__Exercise brief__:
Skip the pictures. Output only the lines below starting at the line with "वायरल हो रही" and ending at the line with "현재 중학교 3학년이라는", both ends included, exactly as they are.

Data extracted from a collection:
■ ■ ■ ■

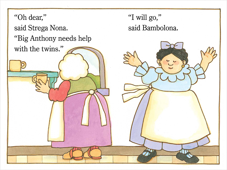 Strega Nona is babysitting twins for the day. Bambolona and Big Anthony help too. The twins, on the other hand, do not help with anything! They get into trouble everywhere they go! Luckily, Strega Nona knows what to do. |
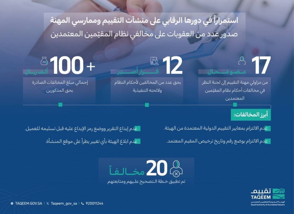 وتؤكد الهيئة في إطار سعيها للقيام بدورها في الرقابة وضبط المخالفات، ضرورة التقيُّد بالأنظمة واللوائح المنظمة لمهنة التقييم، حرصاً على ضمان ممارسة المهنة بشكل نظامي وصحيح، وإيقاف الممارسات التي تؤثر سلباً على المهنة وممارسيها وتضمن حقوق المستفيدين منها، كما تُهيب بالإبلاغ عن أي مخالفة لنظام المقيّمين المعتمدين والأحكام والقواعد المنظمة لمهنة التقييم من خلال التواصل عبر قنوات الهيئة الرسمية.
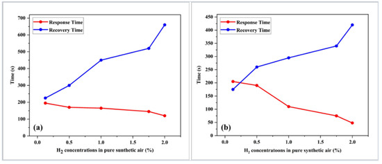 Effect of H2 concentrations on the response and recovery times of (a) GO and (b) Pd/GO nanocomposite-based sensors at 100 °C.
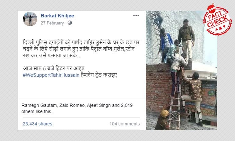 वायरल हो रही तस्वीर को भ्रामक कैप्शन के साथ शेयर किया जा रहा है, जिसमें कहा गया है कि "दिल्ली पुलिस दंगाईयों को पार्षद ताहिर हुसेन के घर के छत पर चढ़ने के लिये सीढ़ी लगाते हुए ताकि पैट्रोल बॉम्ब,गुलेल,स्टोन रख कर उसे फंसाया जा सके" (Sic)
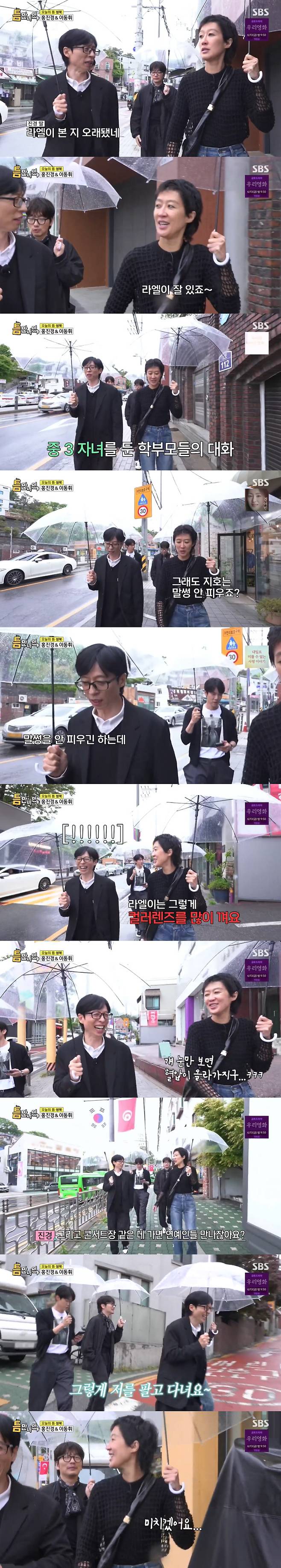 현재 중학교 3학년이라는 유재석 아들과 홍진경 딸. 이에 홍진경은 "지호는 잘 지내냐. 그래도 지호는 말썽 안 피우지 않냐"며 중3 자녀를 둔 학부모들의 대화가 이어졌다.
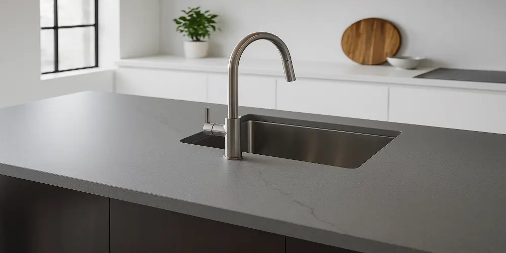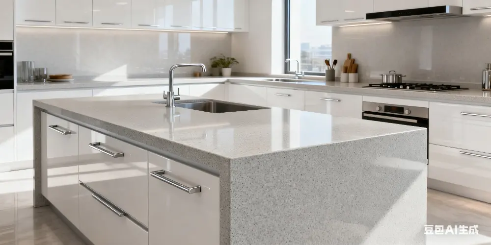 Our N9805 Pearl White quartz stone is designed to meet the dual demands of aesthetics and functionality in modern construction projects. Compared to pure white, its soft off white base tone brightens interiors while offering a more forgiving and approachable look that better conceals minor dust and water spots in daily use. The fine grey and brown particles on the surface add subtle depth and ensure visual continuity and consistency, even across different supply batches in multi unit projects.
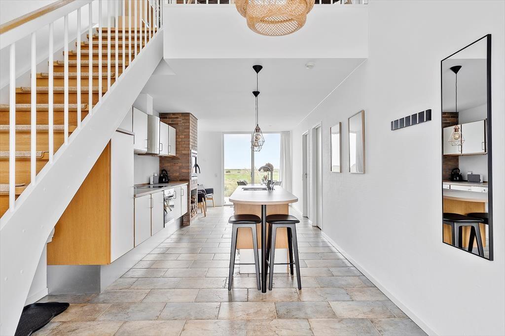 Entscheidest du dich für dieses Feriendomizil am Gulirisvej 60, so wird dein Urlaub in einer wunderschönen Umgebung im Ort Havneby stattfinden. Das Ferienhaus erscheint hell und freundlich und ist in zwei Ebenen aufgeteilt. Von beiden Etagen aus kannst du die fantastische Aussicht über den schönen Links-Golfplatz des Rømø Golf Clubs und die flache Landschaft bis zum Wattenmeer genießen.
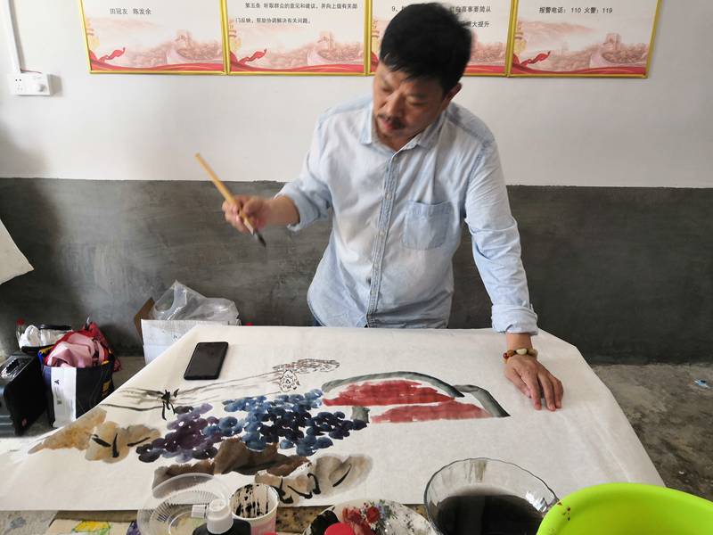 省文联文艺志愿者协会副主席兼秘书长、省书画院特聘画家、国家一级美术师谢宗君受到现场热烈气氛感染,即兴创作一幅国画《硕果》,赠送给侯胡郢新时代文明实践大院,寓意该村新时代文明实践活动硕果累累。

■ ■ ■ ■

__Reply__:
 वायरल हो रही तस्वीर को भ्रामक कैप्शन के साथ शेयर किया जा रहा है, जिसमें कहा गया है कि "दिल्ली पुलिस दंगाईयों को पार्षद ताहिर हुसेन के घर के छत पर चढ़ने के लिये सीढ़ी लगाते हुए ताकि पैट्रोल बॉम्ब,गुलेल,स्टोन रख कर उसे फंसाया जा सके" (Sic)
 현재 중학교 3학년이라는 유재석 아들과 홍진경 딸. 이에 홍진경은 "지호는 잘 지내냐. 그래도 지호는 말썽 안 피우지 않냐"며 중3 자녀를 둔 학부모들의 대화가 이어졌다.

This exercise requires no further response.